Аменемхет неторопливым шагом направился в глубь рощи. Попадавшиеся ему по дороге гребцы и жрецы валились коленями и лбами в песок, только один какой-то непочтительный павиан на другом конце рощи вдруг стал выкрикивать визгливые двусмысленности.
Верховный жрец начал не с откровений, а с вопросов. Он захотел выяснить во всех подробностях мнение однорукого, нервного колдуна о возможном нынешнем состоянии Мериптаха. Сон его глубок, но все же отличим от смерти, раз об этом догадались столь многие. Долго ли он проспит? И можно ли его вывести из этого состояния без помощи умений самого Хеки?
Однорукий отвечал уклончиво, громоздил горы оговорок, мол, никто и никогда не проверял, каково совместное действие примененного бальзама и змеиного яда. Распятый прямыми вопросами Аменемхета, взял на себя ответственность за одно утверждение: пока мальчик не будет доставлен в Фивы, он не заговорит. Только там, в своем подвале, среди бесчисленных своих снадобий, корней, солей, магических амулетов и камней, Хека брался ответить на вопрос о дальнейшем пути Мериптаха: выведет ли он его в солнечный свет нашего мира или путь этот проляжет в мир Запада?
Нельзя было понять, доволен ли Аменемхет этим ответом.
После разговора с колдуном он позвал к себе Са-Ра, в чьем ведении были все фиванские шпионы в Мемфисе. Доклад гиганта был прост – в городе все как обычно в эту пору. Дотлевают угарные угли новогоднего праздника, хотя, надо заметить, вокруг княжеского дворца образовался пояс тусклого, ноющего недовольства. Народ обижен тем, как с ним обошелся гость из Авариса. Поначалу изображал из себя подлинного фараона, а потом резко свернул на грязную дорожку обычного варварского хамства. Так всех обрадовал и потешил казнью гнусного мужеложника, а потом наслал своих вонючих конников, выгнал всех вон из дворцовых ворот и даже самыми простыми подарками не одарил. Всем известно, что восточная дельта, а именно там стоит царский город, славится наилучшими лозами, а где хотя бы пара барж с кувшинами для жаждущего люда? Ночью вдоль дворцовых стен бродят группы горожан с трещотками, кричат обидные слова и даже кидают камни.

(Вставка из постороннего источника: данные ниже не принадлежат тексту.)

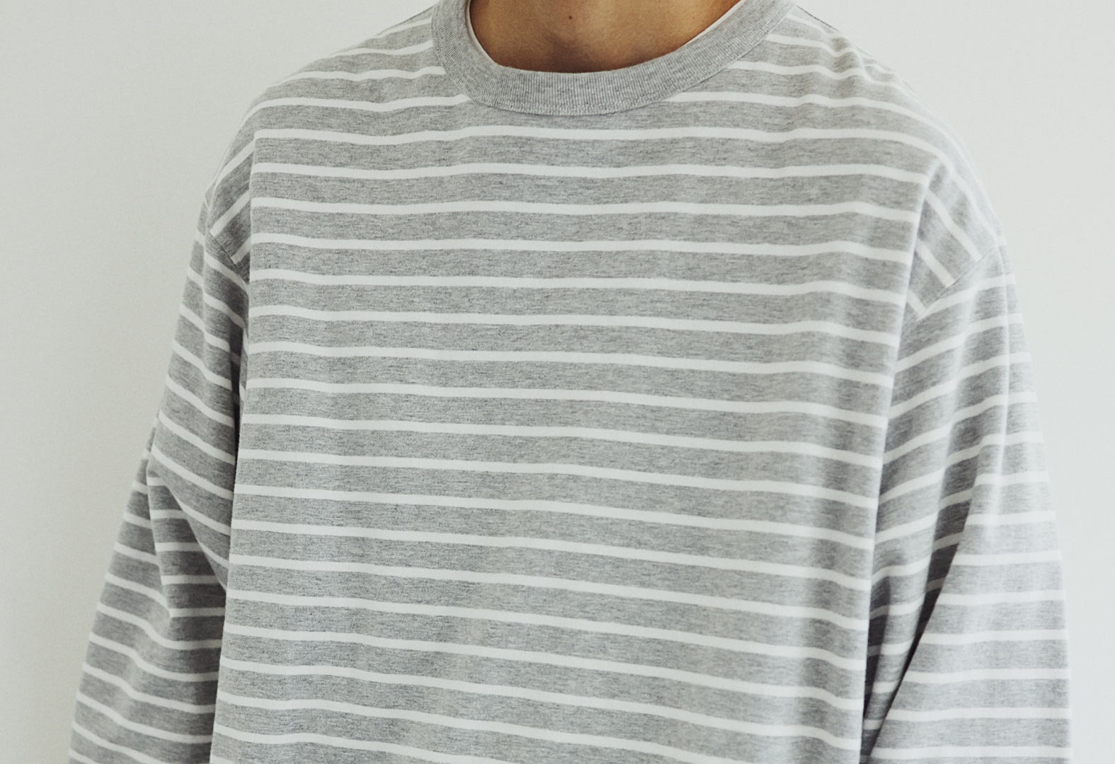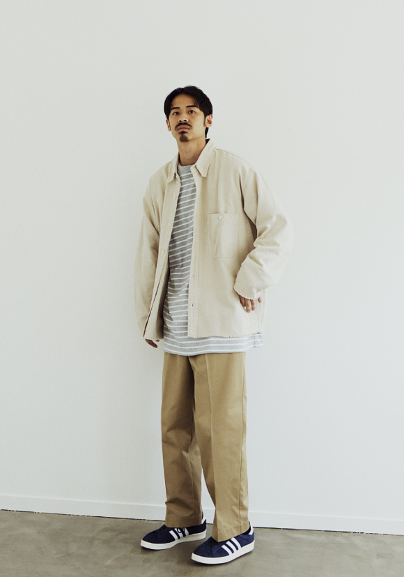 給人簡潔印象的同色系穿搭!下身同樣著用具有高雅質感BEIGE工裝長褲,搭配米白色的厚磅襯衫,領子及口袋的不收邊的破壞抽鬚加工為一大設計亮點,每件單品都細藏著BEAMS的巧思!內搭灰色條紋上衣,天竺棉材質提供最舒適的穿著體驗,重點還可以雙面穿!

– Если теперь станет известно, что Апоп не только не привез вина, но и собственноручно убил князя Бакенсети, то может случиться бунт? – ровным голосом спросил Аменемхет.
Са-Ра ответил не сразу. Он посмотрел на Са-Амона, на Пианхи, на однорукого, как бы проверяя, не ослышался ли? Откуда его святейшество узнал об этом. Из только что сожженного папируса?
– Бунт случиться может, – с трудом проговорил Са-Ра.
– Бакенсети не любили в городе, но, узнав об убийстве, таком отвратительном, варварском убийстве, возмутятся. Ничтожные жители старой столицы. Всадники Апопа легко потопят это возмущение в крови. Узнав об этом побоище, восстанут другие города, и с тем же успехом. Вся долина будет еще раз разорена и обескровлена. Египет, и так уже находящийся при последнем дыхании, больше никогда не воспрянет.